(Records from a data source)

((

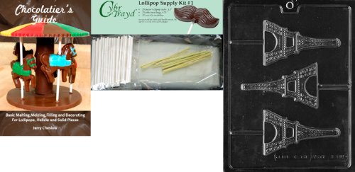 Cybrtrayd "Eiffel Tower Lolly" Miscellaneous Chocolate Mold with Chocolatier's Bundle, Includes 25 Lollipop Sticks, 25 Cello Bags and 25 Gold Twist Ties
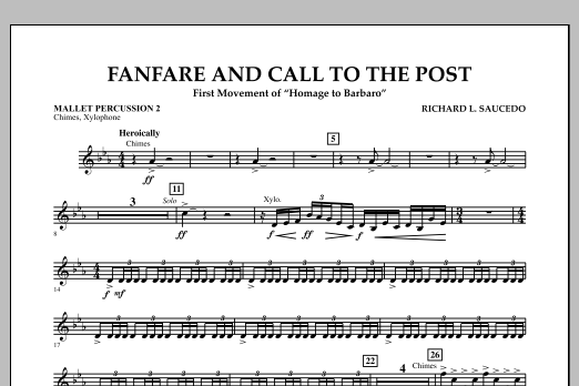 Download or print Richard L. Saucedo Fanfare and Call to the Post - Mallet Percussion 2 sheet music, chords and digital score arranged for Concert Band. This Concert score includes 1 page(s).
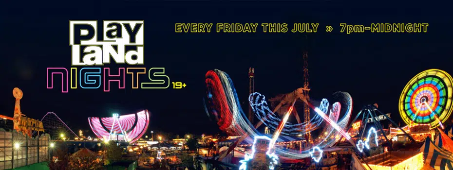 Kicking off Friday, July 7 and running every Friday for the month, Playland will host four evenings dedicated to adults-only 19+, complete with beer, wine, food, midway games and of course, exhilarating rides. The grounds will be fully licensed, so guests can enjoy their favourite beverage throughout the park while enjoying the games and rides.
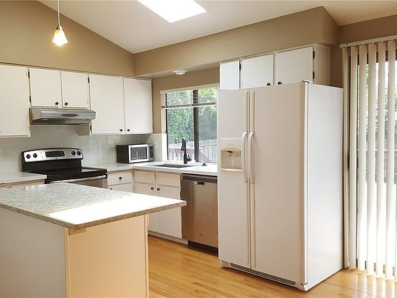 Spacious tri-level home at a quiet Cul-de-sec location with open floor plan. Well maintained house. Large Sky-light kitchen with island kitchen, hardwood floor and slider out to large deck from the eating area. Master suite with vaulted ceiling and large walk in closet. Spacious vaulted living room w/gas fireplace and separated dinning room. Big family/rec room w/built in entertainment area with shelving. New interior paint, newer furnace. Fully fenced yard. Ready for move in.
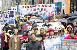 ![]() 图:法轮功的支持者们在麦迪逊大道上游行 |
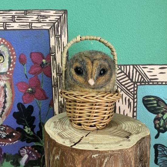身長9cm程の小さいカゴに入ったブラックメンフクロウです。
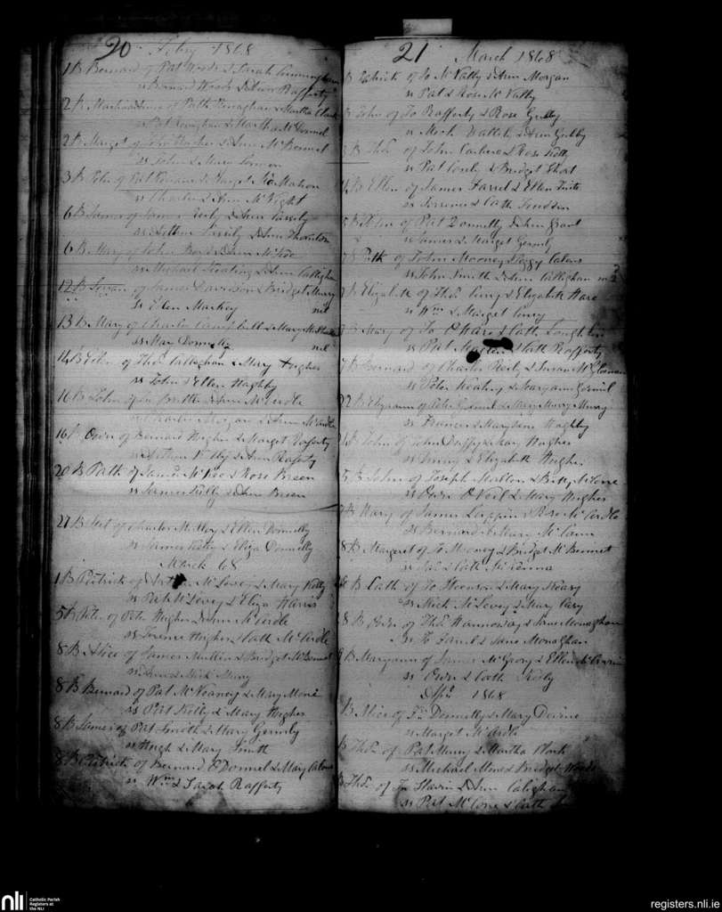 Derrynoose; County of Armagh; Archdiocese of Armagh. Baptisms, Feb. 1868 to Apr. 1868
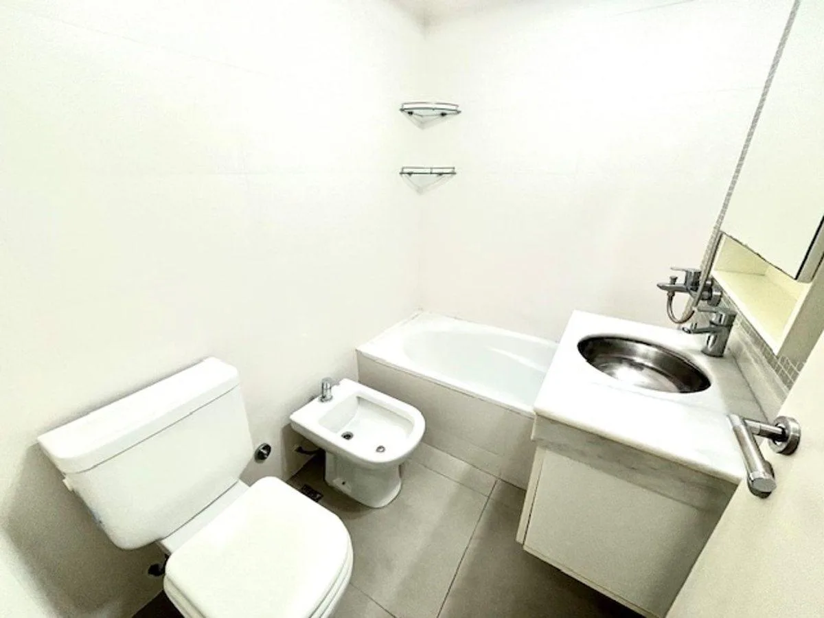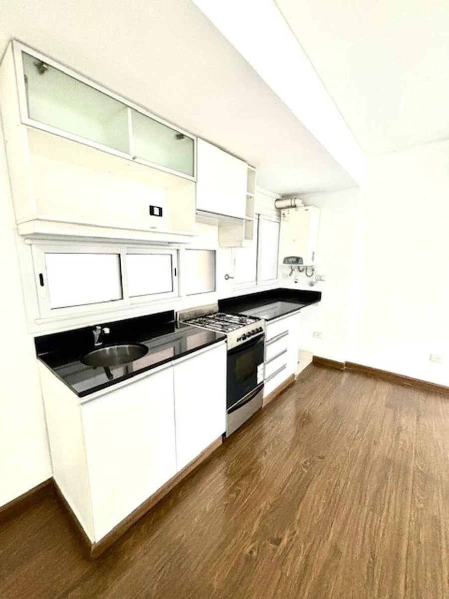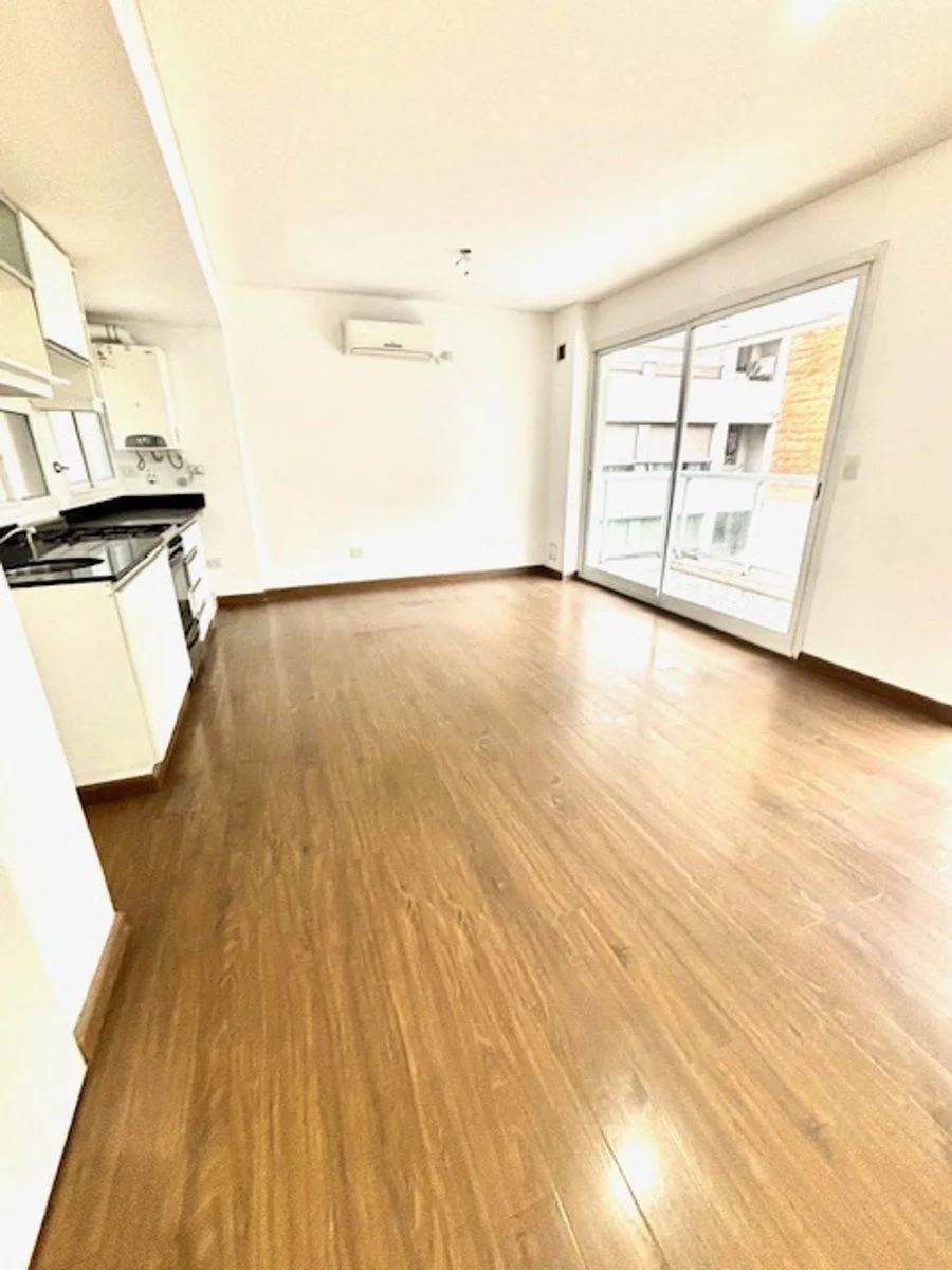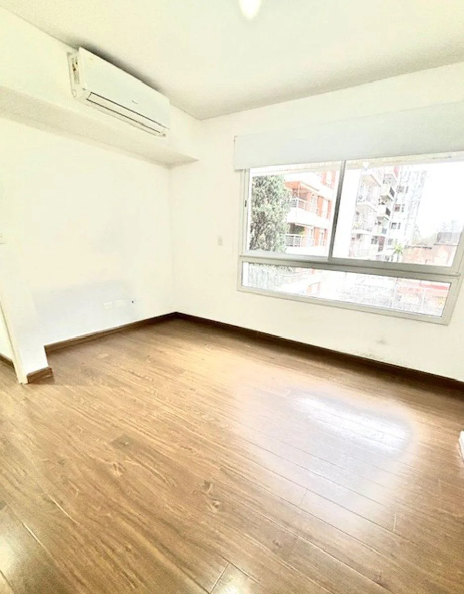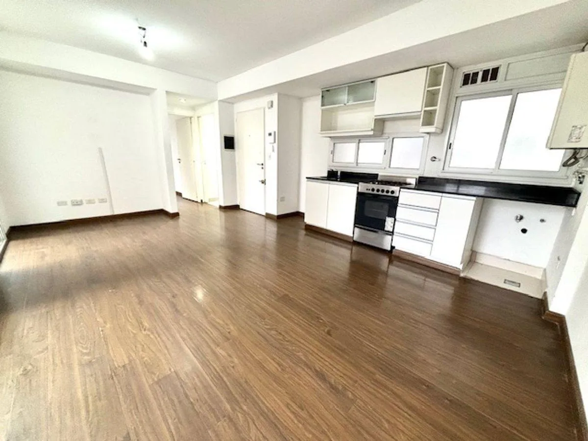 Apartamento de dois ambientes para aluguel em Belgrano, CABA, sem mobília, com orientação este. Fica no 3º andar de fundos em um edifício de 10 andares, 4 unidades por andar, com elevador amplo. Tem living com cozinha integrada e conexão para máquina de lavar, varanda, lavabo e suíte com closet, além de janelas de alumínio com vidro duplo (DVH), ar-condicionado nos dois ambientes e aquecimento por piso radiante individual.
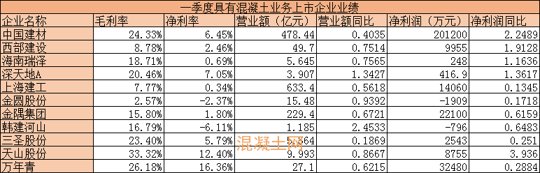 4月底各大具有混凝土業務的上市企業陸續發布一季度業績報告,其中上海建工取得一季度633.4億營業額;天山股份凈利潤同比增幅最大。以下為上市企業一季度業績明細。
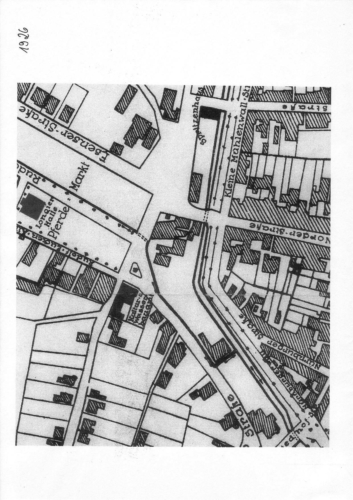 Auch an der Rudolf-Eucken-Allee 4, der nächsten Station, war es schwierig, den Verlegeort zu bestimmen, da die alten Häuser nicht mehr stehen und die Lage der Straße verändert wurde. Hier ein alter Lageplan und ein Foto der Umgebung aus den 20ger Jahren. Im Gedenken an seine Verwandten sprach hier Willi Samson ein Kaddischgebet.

))

**About this exercise**
Would you transcribe the lines above exactly, going from the line bearing "身長9cm程の小さいカゴに入ったブラックメンフクロウです。" through the line bearing "Apartamento de dois", and drop the pictures from the copy?

**Answer for the task**
身長9cm程の小さいカゴに入ったブラックメンフクロウです。
 Derrynoose; County of Armagh; Archdiocese of Armagh. Baptisms, Feb. 1868 to Apr. 1868
 Apartamento de dois ambientes para aluguel em Belgrano, CABA, sem mobília, com orientação este. Fica no 3º andar de fundos em um edifício de 10 andares, 4 unidades por andar, com elevador amplo. Tem living com cozinha integrada e conexão para máquina de lavar, varanda, lavabo e suíte com closet, além de janelas de alumínio com vidro duplo (DVH), ar-condicionado nos dois ambientes e aquecimento por piso radiante individual.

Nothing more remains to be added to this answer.